- Problem details -
A faithful copy is required: transcribe each line below exactly, minus the pictures.

- Dataset extract -
══════

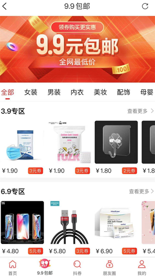 3、【9块九包邮】精选商品,低至7元包邮,物美价廉,件件都包邮。
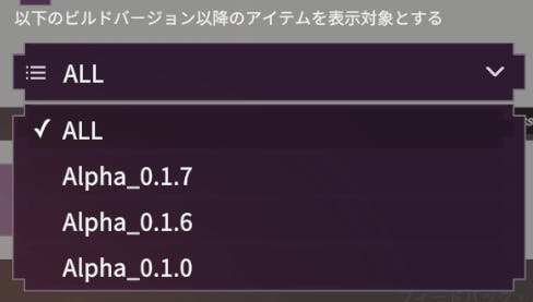 設定画面を開くと右下に、以下の画像の様な「以下のビルドバージョン以降のアイテムを表示対象とする」設定が追加されます。
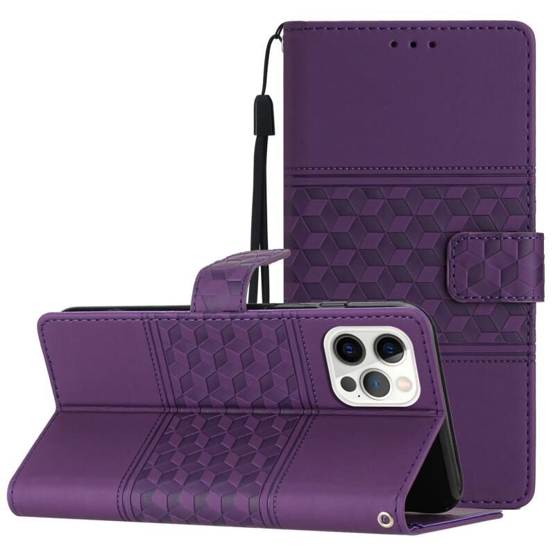 Θήκη τηλεφώνου από δέρμα με ανάγλυφο διαμαντιού για iPhone 12 Pro με κορδόνι (Καφέ)
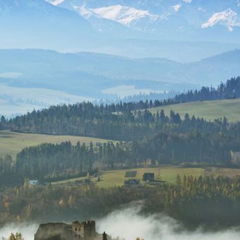 As ruínas do castelo ficam em um penhasco calcário que sobe abruptamente acima do reservatório, criando um ponto de observação natural. Desta posição elevada, os visitantes podem ver através da água em direção ao vale do rio Dunajec e montanhas além.

══════

- Exercise solution -
 3、【9块九包邮】精选商品,低至7元包邮,物美价廉,件件都包邮。
 設定画面を開くと右下に、以下の画像の様な「以下のビルドバージョン以降のアイテムを表示対象とする」設定が追加されます。
 Θήκη τηλεφώνου από δέρμα με ανάγλυφο διαμαντιού για iPhone 12 Pro με κορδόνι (Καφέ)
 As ruínas do castelo ficam em um penhasco calcário que sobe abruptamente acima do reservatório, criando um ponto de observação natural. Desta posição elevada, os visitantes podem ver através da água em direção ao vale do rio Dunajec e montanhas além.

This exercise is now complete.